Changeling Hunter
Page 17
Ember was four years old when she took a tumble down a flight of stairs. Even with a Fifth-Level Healer as a mother, she had spent weeks recovering from a broken arm. The memory burned into her mind as her earliest trauma. The experience, in turn, manifested itself in what clinicians called bathmophobia—the fear of steep slopes or stairs. Initially paralyzed by the fear, Ember forced herself to overcome the worst of the phobia, so at least now as an adult, it didn’t control her like it once did.
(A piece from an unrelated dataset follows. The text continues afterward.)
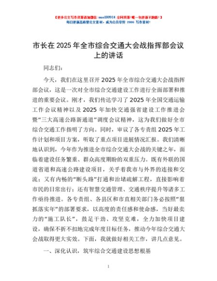 / 市长在2025年全市综合交通大会战指挥部会议上的讲话

The basement was chilly and smelled faintly of mildew. Incandescent bulbs cracked to life when Heath toggled the switch at the bottom of the stairs. The cement floor bore long, jagged cracks, within which black crickets chirped their songs. Rooms were partitioned with exposed studs. A bathroom was plumbed in and surrounded by sheetrock awaiting its plaster. Against an exterior wall, a picnic table served as the station for a desktop computer and large, beige-encased CRT monitor.
Heath leaned down and tapped the keyboard to bring the computer out of hibernation. “It’s an old PC I just use now for file storage and for running the webcam.” He pointed at a thin, black cord which ran from the back of the computer tower and up to the wall, disappearing into the floor joists above.
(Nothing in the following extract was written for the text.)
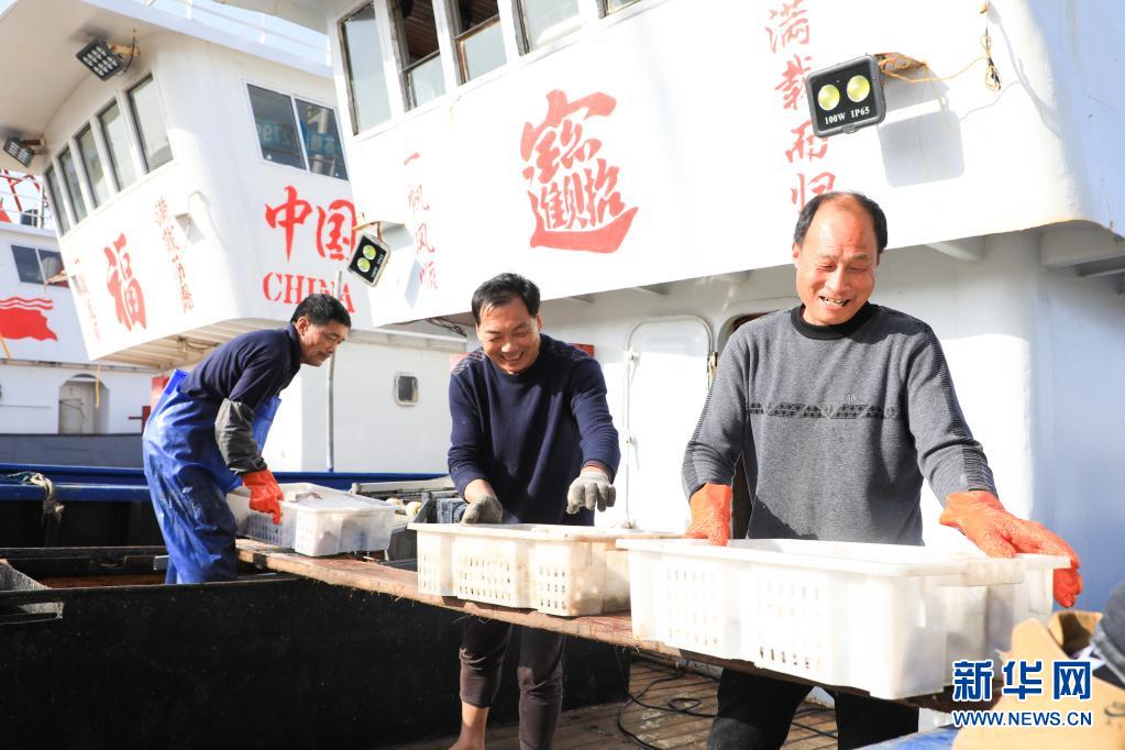 4月30日,在江苏省连云港市赣榆区青口中心渔港,渔民在卸载捕获的最后一批海产品,准备休渔。

Jackie kept her arms crossed, as though she was afraid she might actually touch something—or that something might touch her. She surveyed the basement, tapping her manicured fingernails against her elbows. “Are you remodeling?”
“It was unfinished when we bought the house last year,” Heath spoke to the curved computer screen as he navigated the operating system with a mouse. “We were going to turn it into a family room, maybe a playroom for the rug rats. We were planning to have kids someday.” His voice faded and he shook his head.
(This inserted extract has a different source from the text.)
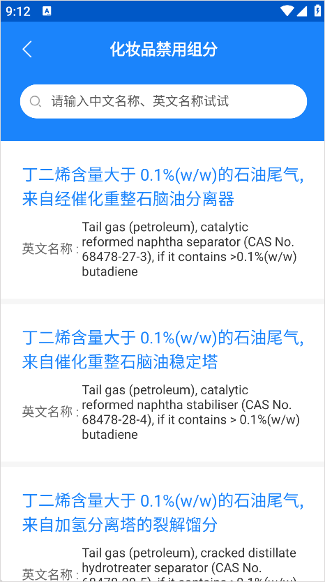 3、最后即将看到非常多的禁用组分,或者根据自己化妆品搜索即可

He located the video file and double-clicked on it. Heath looked away from the screen, got up and shuffled to the wooden stairs. “I’ll be in the living room. I can’t watch it again. Just eject the CD when it’s done playing. Just take it.”
The grainy image showed the front door and driveway. The camera was mounted beneath the roof eaves, and the resolution was poor. Several minutes passed until a tall, thin man wearing coveralls and a baseball cap appeared. The angle of the camera wouldn’t show his face, though the lines along his temples suggested he was wearing glasses. He rang the doorbell, and Tara answered. The man went inside and several minutes later the garage door opened. The man exited, walking off camera toward the street. Shortly after, a white cargo van backed into the driveway.
When the man next appeared, he was carrying a roll of duct tape in one hand.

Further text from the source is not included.